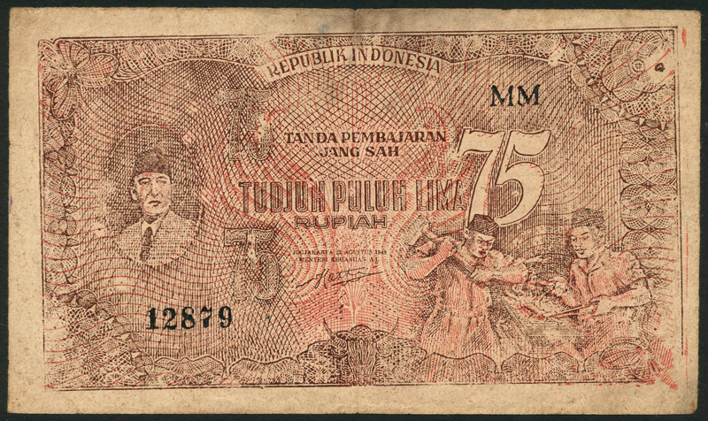 Republik Indonesia, 75 rupiah, 23 August 1943, seral number MM 12879, brown and red-brown, Sukarno at left, two smiths at right
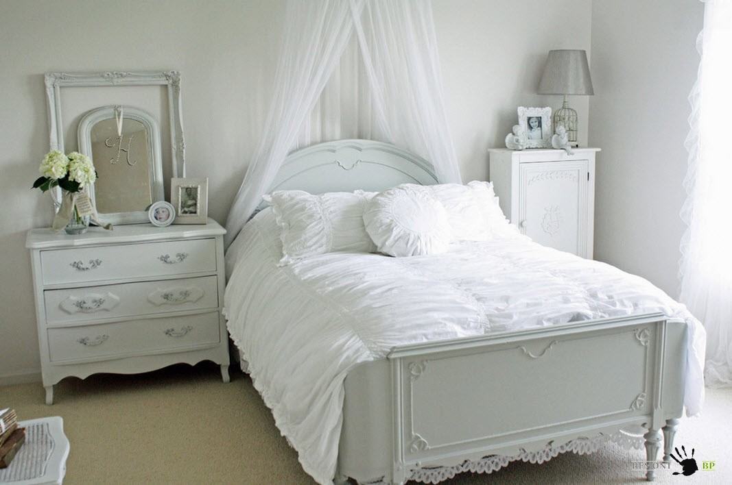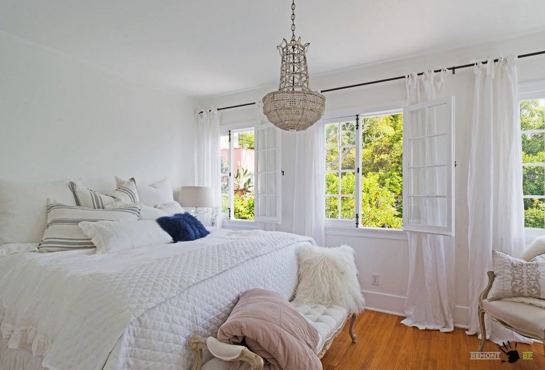 Если речь идет о декорировании спальни текстилем, то можно использовать исключительно белоснежную палитру, как для оформления спального места, так и для декора оконных проемов. Иногда для создания некоторого акцента, может применяться вышивка или аппликации на покрывалах, подушках и других предметах текстильного оформления.
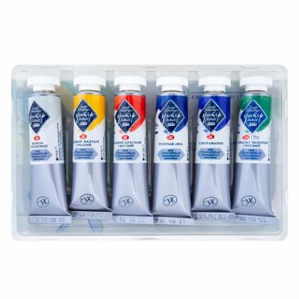 Художественные темперные поливинилацетатные краски «Мастер-Класс» изготавливаются на основе органических и неорганических пигментов и поливинилацетатной дисперсии и являются традиционным материалом для живописи. Благодаря тщательно подобранным компонентам темперные краски прекрасно подходят для живописных и декоративно-оформительских работ. Большинство цветов в палитре монопигментные и обладают высочайшим показателем светостойкости. Все краски выкопигментированные, яркие и чистые. Темпера «Мастер-Класс» позволяет получить многообразие благородных оттенков в разбелах и смесях. Краски легко наносятся на бумагу, картон, дерево, керамику, грунтованный и негрунтованный холст. При высыхании образуют эластичную, непрозрачную, несмываемую пленку. Палитра цветов набора Basic colours из 6 цветов в наборе «Мастер-Класс» позволяет решить множество творческих задач художника: белила титановые, кадмий желтый средний, кадмий красный светлый, голубая фц, ультрамарин, кобальт зеленый светлый.
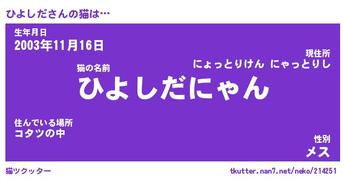 | ファンタジー風あだ名 | 『ヒヨフェル』『エターナルヒヨシダー』 |
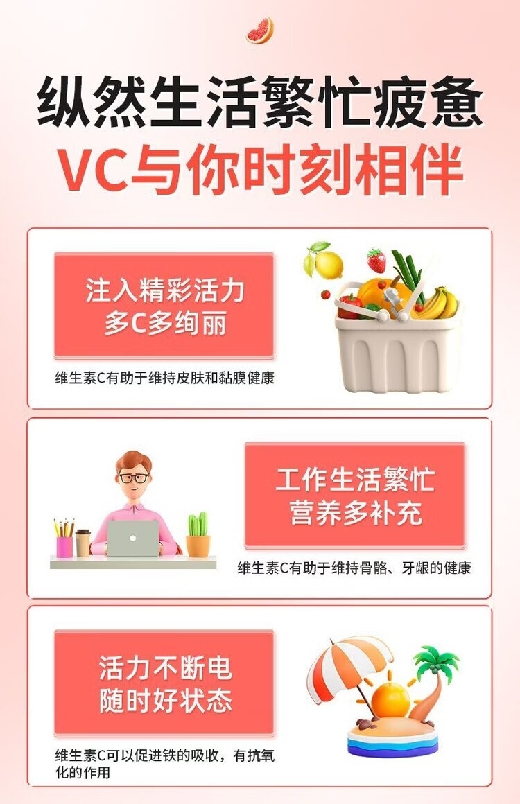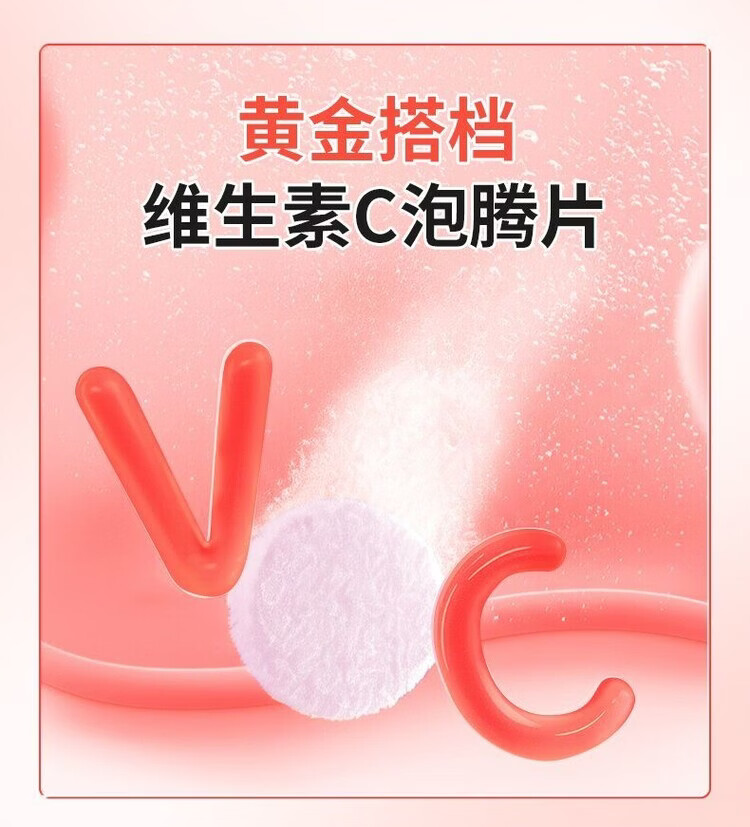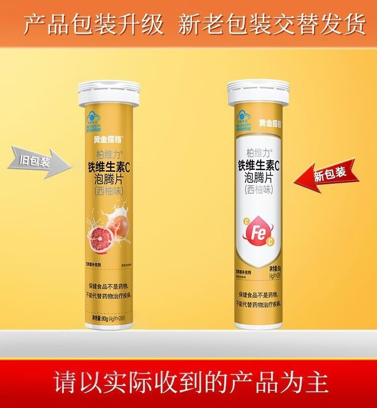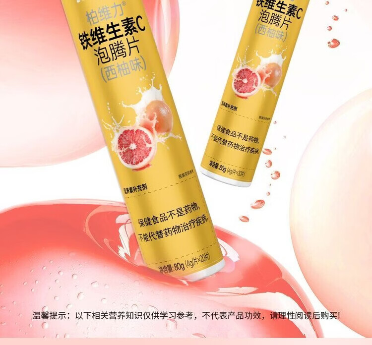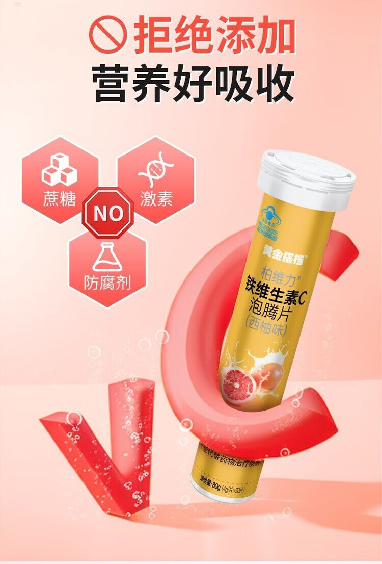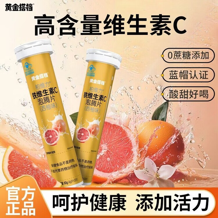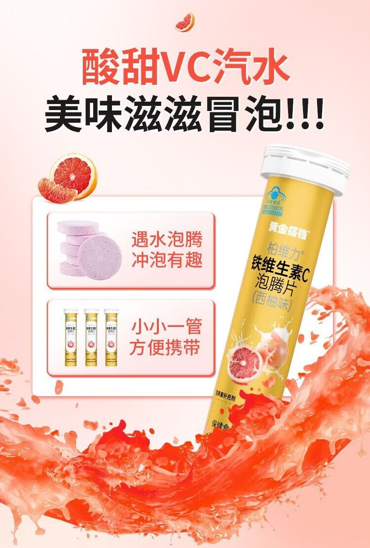 黄金搭档铁维生素C泡腾片20片水果味饮料儿童成人补充铁维生素C 西柚味 20片*3支-【家庭分享装】
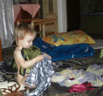 Саша у нас хочет видемо дизайнером стать, платки мои и шарфы шейные таскает))) А там где плачет, это она браслет мой порвала и разревелась почему-то ((( я ее не ругаю сильно за такие вещи... |
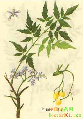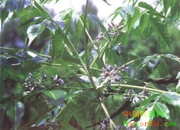 【標題】 苦楝皮 【拼音】 Kulianpi 【概述】 為楝科植物楝Melia azedarach L.或川楝M.toosendan Sieb .et Zucc.的干燥樹皮及根皮。前者全國大部分地區均產,后者主產于四川、湖北、貴州、河南等地。四時可采,但以春、秋兩季為宜。剝取根皮或干皮,刮去栓皮,洗凈。鮮用或切片生用。 【性味歸經】 苦,寒。有毒。歸肝、脾、胃經。 【功效】 殺蟲,療癬。 【應用】 1.蛔蟲,蟯蟲,鉤蟲等病。本品苦寒有毒,有較強的殺蟲作用,可治多種腸道寄生蟲,為廣譜驅蟲中藥。治蛔蟲病,可單用水煎、煎膏或制成片劑、糖漿服用;亦可與使君子、檳榔、大黃等同用,如化蟲丸(《全國中藥成藥處方集》)。與百部、烏梅同煎,取濃液于晚間作保留灌腸,連用2~4天,可治蟯蟲病。與石榴皮同煎服之,可治鉤蟲病,如楝榴二皮飲(《湖北藥物志》)。 2.疥癬,濕瘡。本品能清熱燥濕,殺蟲止癢。單用本品研末,用醋或豬脂調涂患處,可治疥瘡、頭癬、濕瘡、濕疹瘙癢等證。 【注意】 本品有毒,不宜過量或持續久服。有效成分難溶于水,需文火久煎。 【用法用量】 煎服,4.5~9g。鮮品15~30g。外用適量。 【臨床研究】 1.化學成分:本品含川楝素,苦楝酮,苦楝萜酮內酯,苦楝萜醇內酯,苦楝萜酸甲酯,苦楝子三醇等。 2.藥理作用:本品煎劑或醇提取物均對豬蛔蟲有抑制以至麻痹作用。主要成分為川楝素,能透過蟲體表皮,直接作用于蛔蟲肌肉,擾亂其能量代謝,導致收縮性疲勞而痙攣。本品對小鼠蟯蟲有麻痹作用,并能抗血吸蟲。川楝素對肉毒中毒動物有治療作用,使兔腸肌肌張力及收縮力增加,抑制大鼠呼吸等。 3.臨床研究: 苦楝皮150g,鮮蔥白100g,搗爛加醋后制成藥餅,外敷臍周,治療蛔蟲性腸梗阻30例,均獲良效(湖南中醫雜志,1986,2:50);苦楝皮20g,雄黃、白礬各5g,凡士林70g,混合成膏,外用涂搽,治療體癬127例,總有效率91.67%(周鳳梧《中藥學》,1981,660);苦楝皮75g,花椒50g,加水2000ml,武火煎20分鐘,不去渣,加陳醋100ml,涂擦患處,治療疥瘡6例,均于10日內治愈(山西中醫,1994,5:36)。另有用苦楝皮治療滴蟲性腸炎、滴蟲性陰道炎等。 4.不良反應:有毒成分為川楝素和異川楝素。中毒表現:惡心嘔吐、劇烈腹痛、腹瀉、頭暈頭痛、視力模糊、全身麻木、心律不齊、血壓下降、呼吸困難、神志恍惚、狂躁或痿靡、震顫或驚厥,最后因呼吸和循環衰竭而死亡。中毒原因主要是用量過大,或用法不當,或患者體質原因。解救辦法可洗胃,催吐,導瀉,補液及對癥治療;輕者可用綠豆120g,龍眼肉60g,甘草15g,煎水頻服。 【參考文獻】 1.《名醫別錄》:“療蛔蟲,利大腸。” 2.《日華子本草》:“治游風熱毒,風疹惡瘡疥癩,小兒壯熱,并煎湯浸洗。” 3.《滇南本草》:“根皮以殺小兒寸白。” 【圖片】 楝 ![]() 楝B ![]() 楝樹 ![]() 楝樹《本草綱目》 ![]() 苦楝皮 苦楝皮植株 ![]() 苦楝皮藥材及飲片 ![]() 藥材苦楝皮 ![]() (責任編輯:Doctor001) |
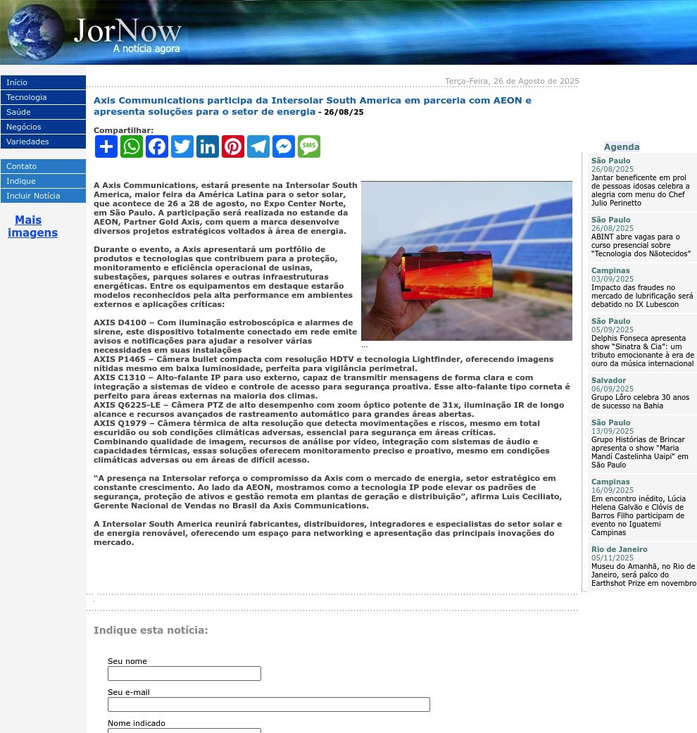 Axis Communications participa da Intersolar South America em parceria com AEON e apresenta soluções para o setor de energia

* Your objective *
Exactly as written, please give again the lines from the beginning of the listing through the line containing "Если речь идет", inclusive, without any pictures.

* Response for this exercise *
 Republik Indonesia, 75 rupiah, 23 August 1943, seral number MM 12879, brown and red-brown, Sukarno at left, two smiths at right
 Если речь идет о декорировании спальни текстилем, то можно использовать исключительно белоснежную палитру, как для оформления спального места, так и для декора оконных проемов. Иногда для создания некоторого акцента, может применяться вышивка или аппликации на покрывалах, подушках и других предметах текстильного оформления.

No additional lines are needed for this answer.